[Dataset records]
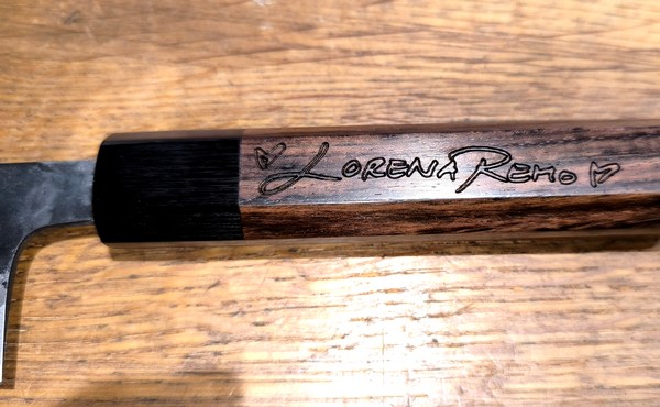 Optional besteht die Möglichkeit die Gravur auf dem Griff anzubringen wie hier im Beispiel von einem handgeschriebenen Text.
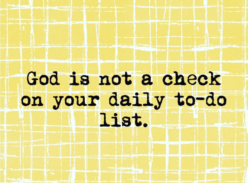Don’t let God become a checklist. Let God be the only thing on your list – and everything else will just fall into place.
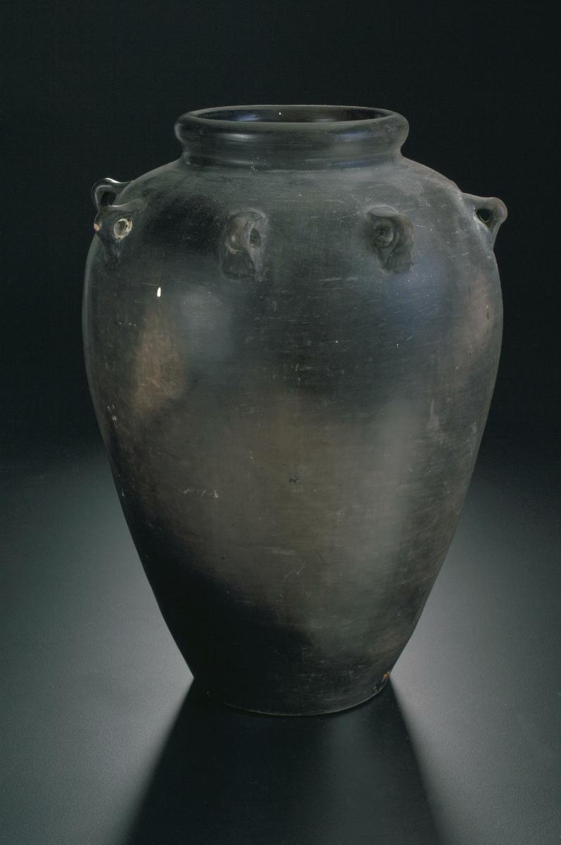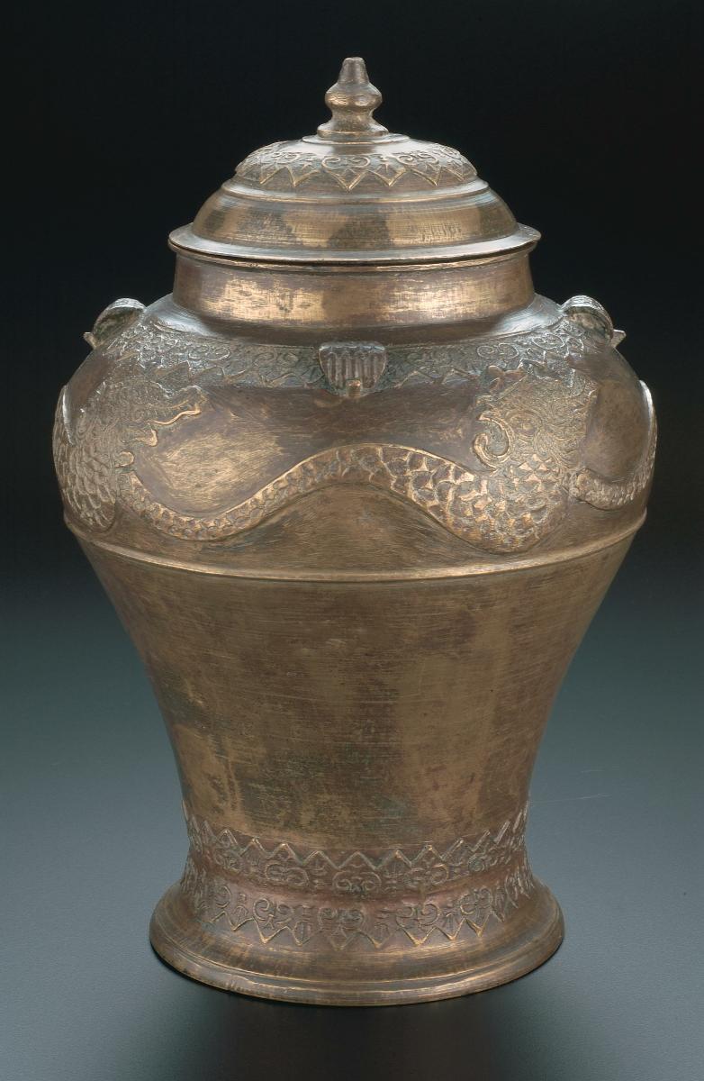 This type of lug-handled storage jar is often called a ‘Martaban Jar’, after the port town of Martaban on the Andaman Sea on the southern coast of Myanmar, the most likely origin of this piece. With its rich brown glaze, paddle-beaten coils just under the surface, and raised slip trails this piece may have attempted to emulate metal ware objects of the period. These jars have a history dating back to at least the 14th century, although glazed ceramics may have been produced in the region as early as the 11th century.
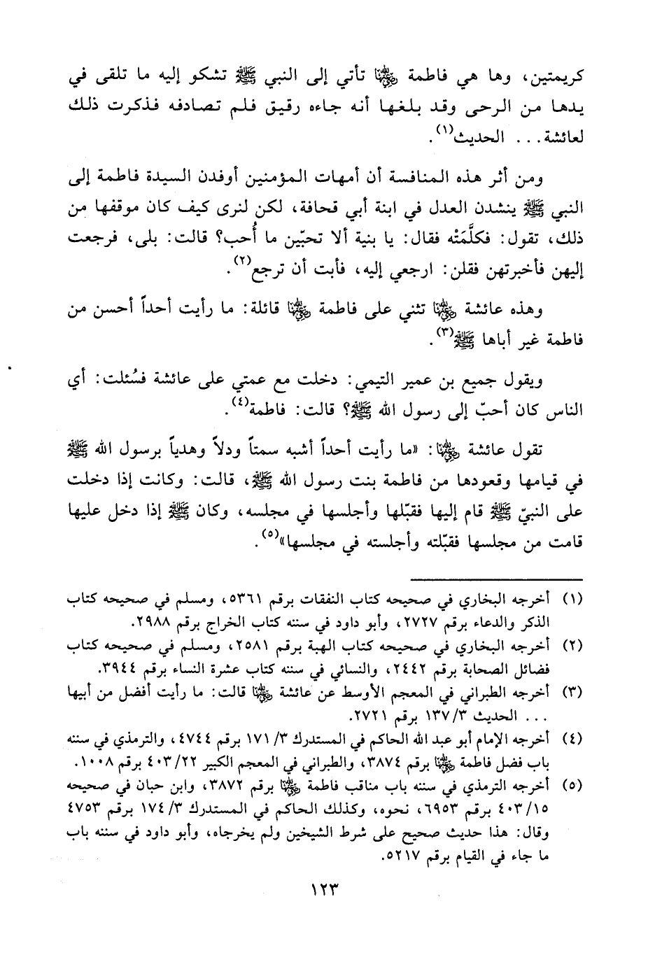 (¬5) أخرجه الترمذي في سننه باب مناقب فاطمة (ض) برقم 3872، وابن حبان في صحيحه 15/ 403 برقم 6953، نحوه، وكذلك الحاكم في المستدرك 174/ 3 برقم 4753 وقال: هذا حديث صحيح على شرط الشيخين ولم يخرجاه، وأبو داود في سننه باب ما جاء في القيام برقم 5217.
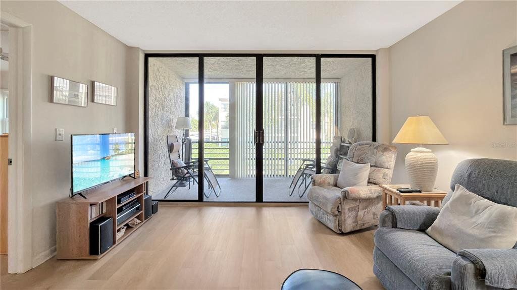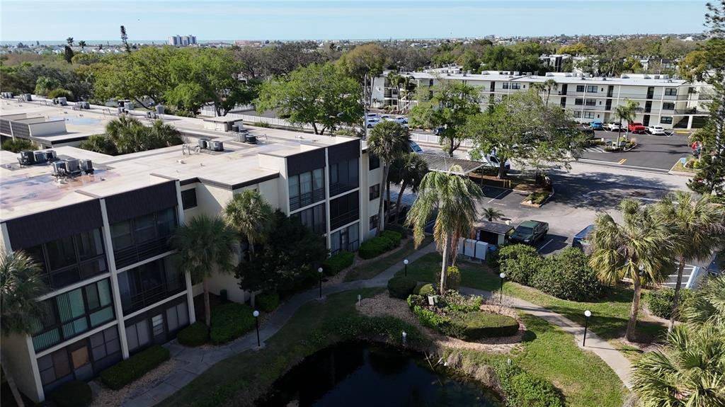 Elevate your living with this 2nd floor END-UNIT! Located in the 55+ & better community of Lakeview of Largo South Condo, featuring 2 bedrooms, 1.5 bathrooms, and nearly 900sqft of living space. The kitchen offers warm cabinetry and solid countertops, ready to take on meal times and preparations! The convenient breakfast bar connects the kitchen to an expansive living room, showcasing water views from any angle. Your living space is ILLUMINATED by the natural light coming in through the LARGE sliding doors that lead out to your SCREENED IN LANAI! Outdoor space is a must-have to enjoy all of Florida's beautiful weather. Neutral toned paint makes it easy to customize this unit to fit your style, while LVP FLOORING THROUGHOUT offers a seamless transition from room to room! The primary suite boasts an impressive size, while the primary bath offers XL counter space, a full tub/shower combo, and a generous WALK-IN CLOSET. You and your guests will appreciate the additional 1/2 bathroom located directly off of the second bedroom. Can't forget to mention... both bedrooms are topped off with PLANTATION SHUTTERS, and the washer and dryer are in the unit! No lugging your laundry around here! Residents enjoy the LOW MAINTENANCE LIVING of the condo life, where you can make friends at your community pool/spa and bocce ball, or stroll along the sidewalks between buildings. Located just minutes away from shopping/dining, Indian Rocks Beach, with a short drive to Saint Petersburg, Clearwater, and the airport... This condo has it all! The only thing missing is YOU!
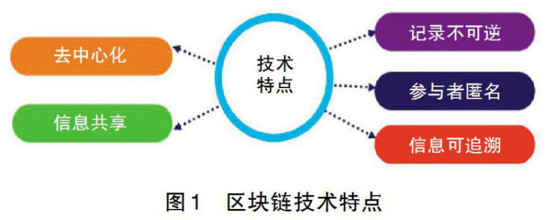 區(qū)塊鏈技術(shù)是分布式數(shù)據(jù)存儲、點對點傳輸、共識機制、加密算法等計算機技術(shù)在互聯(lián)網(wǎng)時代的創(chuàng)新應(yīng)用,具有去中心化、信息共享、記錄不可逆、參與者匿名和信息可追溯等技術(shù)特點(見圖1)。

▶ Activity: All of the records need to be reproduced exactly, with each picture omitted.

▶ Answer below:
 Optional besteht die Möglichkeit die Gravur auf dem Griff anzubringen wie hier im Beispiel von einem handgeschriebenen Text.
Don’t let God become a checklist. Let God be the only thing on your list – and everything else will just fall into place.
 This type of lug-handled storage jar is often called a ‘Martaban Jar’, after the port town of Martaban on the Andaman Sea on the southern coast of Myanmar, the most likely origin of this piece. With its rich brown glaze, paddle-beaten coils just under the surface, and raised slip trails this piece may have attempted to emulate metal ware objects of the period. These jars have a history dating back to at least the 14th century, although glazed ceramics may have been produced in the region as early as the 11th century.
 (¬5) أخرجه الترمذي في سننه باب مناقب فاطمة (ض) برقم 3872، وابن حبان في صحيحه 15/ 403 برقم 6953، نحوه، وكذلك الحاكم في المستدرك 174/ 3 برقم 4753 وقال: هذا حديث صحيح على شرط الشيخين ولم يخرجاه، وأبو داود في سننه باب ما جاء في القيام برقم 5217.
 Elevate your living with this 2nd floor END-UNIT! Located in the 55+ & better community of Lakeview of Largo South Condo, featuring 2 bedrooms, 1.5 bathrooms, and nearly 900sqft of living space. The kitchen offers warm cabinetry and solid countertops, ready to take on meal times and preparations! The convenient breakfast bar connects the kitchen to an expansive living room, showcasing water views from any angle. Your living space is ILLUMINATED by the natural light coming in through the LARGE sliding doors that lead out to your SCREENED IN LANAI! Outdoor space is a must-have to enjoy all of Florida's beautiful weather. Neutral toned paint makes it easy to customize this unit to fit your style, while LVP FLOORING THROUGHOUT offers a seamless transition from room to room! The primary suite boasts an impressive size, while the primary bath offers XL counter space, a full tub/shower combo, and a generous WALK-IN CLOSET. You and your guests will appreciate the additional 1/2 bathroom located directly off of the second bedroom. Can't forget to mention... both bedrooms are topped off with PLANTATION SHUTTERS, and the washer and dryer are in the unit! No lugging your laundry around here! Residents enjoy the LOW MAINTENANCE LIVING of the condo life, where you can make friends at your community pool/spa and bocce ball, or stroll along the sidewalks between buildings. Located just minutes away from shopping/dining, Indian Rocks Beach, with a short drive to Saint Petersburg, Clearwater, and the airport... This condo has it all! The only thing missing is YOU!
 區(qū)塊鏈技術(shù)是分布式數(shù)據(jù)存儲、點對點傳輸、共識機制、加密算法等計算機技術(shù)在互聯(lián)網(wǎng)時代的創(chuàng)新應(yīng)用,具有去中心化、信息共享、記錄不可逆、參與者匿名和信息可追溯等技術(shù)特點(見圖1)。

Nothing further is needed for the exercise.